Colorado got the first two runners on base to lead off the first two innings, capitalizing the second time around. After a single from Ian Desmond and a walk from Gerardo Parra, Pat Valaika sacrificed himself with a bunt to move the runner up which paid off on a Tony Wolters ground out to first that scored the first run of the game.
Charlie Blackmon delivered a two-out RBI single to make it 2-0, Rockies, on a pitch just off his fists.
Minnesota wasn’t down for long. Freeland walked (see?) Jorge Polanco who then moved up on an iffy balk call. Jason Castro hit a cue shot off the end of the bat but it just hopped over the third-base bag for a double that scored Polanco. Castro came in on a more traditional, two-out double from Brian Dozier to tie the game.
In the top of the fourth, Gerardo Parra hit his second home run of the season, a high shot over the right field fence to put the Rockies up 3-2, but again the lead was short-lived. Byron Buxton, who has struggled with a .182 batting average this season, hit his second home run of the year to tie it again.
Carlos Gonzalez put together one of his better-looking at-bats of the season, sticking with a tough breaking ball and lining it down the right-field line for a double to begin the sixth inning. He came around on Desmond’s second opposite-field single of the game to make it 4-3, Colorado. After a pair of fielder’s choices left Valaika at first with two out, Tony Wolters — in his first game back from a 10-DL stint with a concussion — delivered a clutch double. Valaika scored with some heads-up base running.

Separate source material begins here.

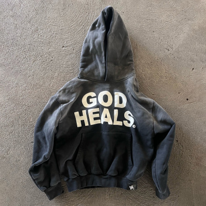 God Heals Print Long Sleeve Hoodies

Then Blackmon came through with his third, and by far biggest, hit of the game, smashing a two-run home run over the right-center field fence. It was his ninth homer of the season, moving him into a tie for team lead with Nolan Arenado. Blackmon also improved his batting average to .321 with his three-hit game and moved into the Top 10 in RBI in MLB despite being a lead-off hitter. He is now tied for third in MLB (just ahead of Arenado) with Mike Trout at 24 extra-base hits.
Charlie Blackmon is the best player on this team right now.

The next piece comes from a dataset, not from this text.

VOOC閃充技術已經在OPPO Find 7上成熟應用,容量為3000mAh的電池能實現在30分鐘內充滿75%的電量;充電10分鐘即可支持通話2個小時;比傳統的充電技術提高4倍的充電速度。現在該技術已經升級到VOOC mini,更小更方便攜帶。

Freeland stayed on through the bottom of the sixth which actually ended up being one of his cleanest and quickest innings.
His final line: 6 IP, 5 H, 3 ER, 4 BB, 3 K. He threw 59 or his 91 pitches for strikes and induced eight groundouts to just three outs in the air.
Chris Rusin pitched a clean seventh, Adam Ottavino did the same in the eighth. Which he needed.
Jake McGee gave up a tough-luck double to Castro on a ball that Blackmon slightly misread but bounced back, striking out Buxton and Chris Gimenez. But in an odd sequence of events, Gimenez reached because the strikeout came on a ball in the dirt but also a check swing. While the Rockies were waiting for the appeal to see if he went (he did) Gimenez ran to first with no throw. Heads up play from him.
This put two runners on and set up a save situation which meant it was Greg Holland time. Holland got Dozier to pop out and after just four pitches, recorded his 17th consecutive save on the season. He has five more saves than the next most in MLB.
Every member of the lineup got involved on offense except for Mark Reynolds whose bat carried the team through the first month. Freeland did his job and kept the team in the game and the bullpen was dominant. It was a true full-team effort. Everyone was awesome. Everything is cool when you’re part of a team. Especially when that team is in first place in the division.
Colorado moved back to 10 games over .500 at 25-15 and tied the Washington Nationals with the most wins in the National League. The Rockies are now 12-5 on the road. This is real life.